The public had been warned - insofar as the media were allowed to even hint at what had transpired during an earlier trial, wherein Homolka pleaded guilty to manslaughter and received a pre-arranged 12-year sentence for her complicity in the killings of the schoolgirls. Homolka had also admitted her complicity in the death (originally ruled an accident) of her own baby sister, Tammy, who choked on her vomit after she'd been drugged and sexually assaulted by the gruesome twosome in the family home on Christmas Eve, 1990.

Our courts protected Karla at her trial, imposing a sweeping publication ban on the proceedings in St. Catharines, and even banishing private citizens from our alleged open courts, out of fear that someone might reveal something about the travesty of justice that had unfolded. All this, ostensibly, to protect Bernardo's right to a fair trial, though his lawyer had dropped objections to an open proceeding.

Thus Homolka - after having enjoyed at least one final fling with a man she picked up in a bar (as she explained later, she didn't want her last experience of man-woman sex before entering penitentiary to be that thing she'd had with Bernardo) - was granted the full protection and secrecy of our benevolent court system.

But here is the final, wretched irony: Karla Homolka seems to be the only person unchanged by the events of that long, torrid summer.

She remains what she's always been - breathlessly self-absorbed, without conscience, without remorse, without a shred of human decency.

It's the rest of us who have been forever altered.

A trial is inherently dignified, no matter how coarse or revolting the crime; no matter how vulgar and pornographic the evidence. It's the trappings of the justice system, right down to the swishing black robes of the lawyers and the scarlet sash of the judge, that lends a patina of gravity and stateliness to the proceedings.

Those constants were present in courtroom 6-1 of the University Ave. courthouse as well, even as media from near and far constructed their scaffolding across the street from the building. It looked, from outside, not that much different from the spectacle unfolding in Los Angeles, where the O. J. Simpson trial went on and on.

Justice Patrick LeSage brought his considerable wisdom and courtly demeanour to the affair; a remarkably composed jury behaved beautifully; even courtroom spectators managed to control their outbursts, while watching pornographic tapes that LeSage permitted to be viewed by one and all - these not the infamous videos of the assaults on Leslie, Kristen and Tammy.

But, at heart, all this composure was a facade.

Nothing could diminish the horror and grotesqueries unfolding in that courtroom, with Homolka - deliberately anti-sensual in her demure outfits, limp haircut, lack of makeup and modest demeanour - on the witness stand for three weeks.

Over that time, she could not help herself; her innate character emerged: She transformed, before our eyes, from meek and compliant to obstinate and defiant and, finally, to triumphant and in the clear, leaving that courtroom with a toss of her now more artfully styled blonde hair.
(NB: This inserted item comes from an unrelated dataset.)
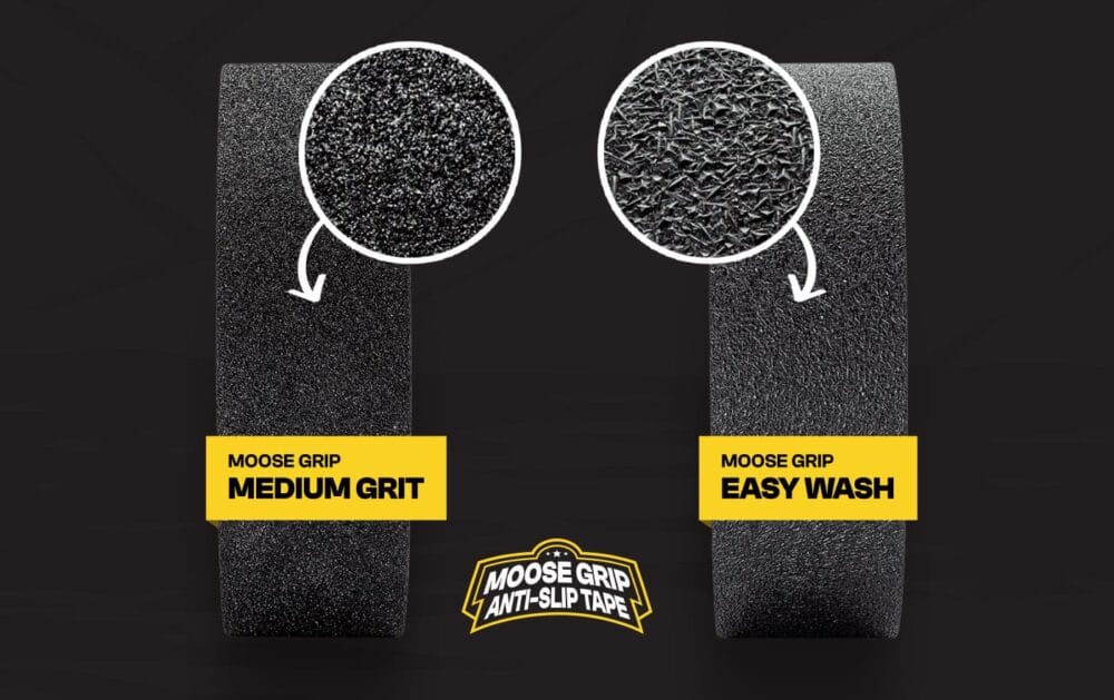 Halkskyddstejp MOOSE GRIP finns med två olika ytor, Medium grit eller Easy wash. Medium grit har en yta likt sandpapper – som en klassisk halkskyddstejp. Easy wash är inte lika grov och har i stället en plastyta med struktur, utvecklad för miljöer med högre krav på hygien.

She had said, at one point, under the relentless cross-examination of lead defence lawyer John Rosen: ``The real punishment is living with my guilt and my shame for the rest of my life.''


As we know now, from the affidavit Homolka filed in support of an appeal of a decision by her warden at Joliette prison to deny her early escorted pass privileges, this predator-killer has no shame and no guilt.

After electing not to go before the parole board for early release, Homolka attempted an end-run by quietly applying for temporary escorted passes for a period of six months, to spend daytime hours at a halfway house.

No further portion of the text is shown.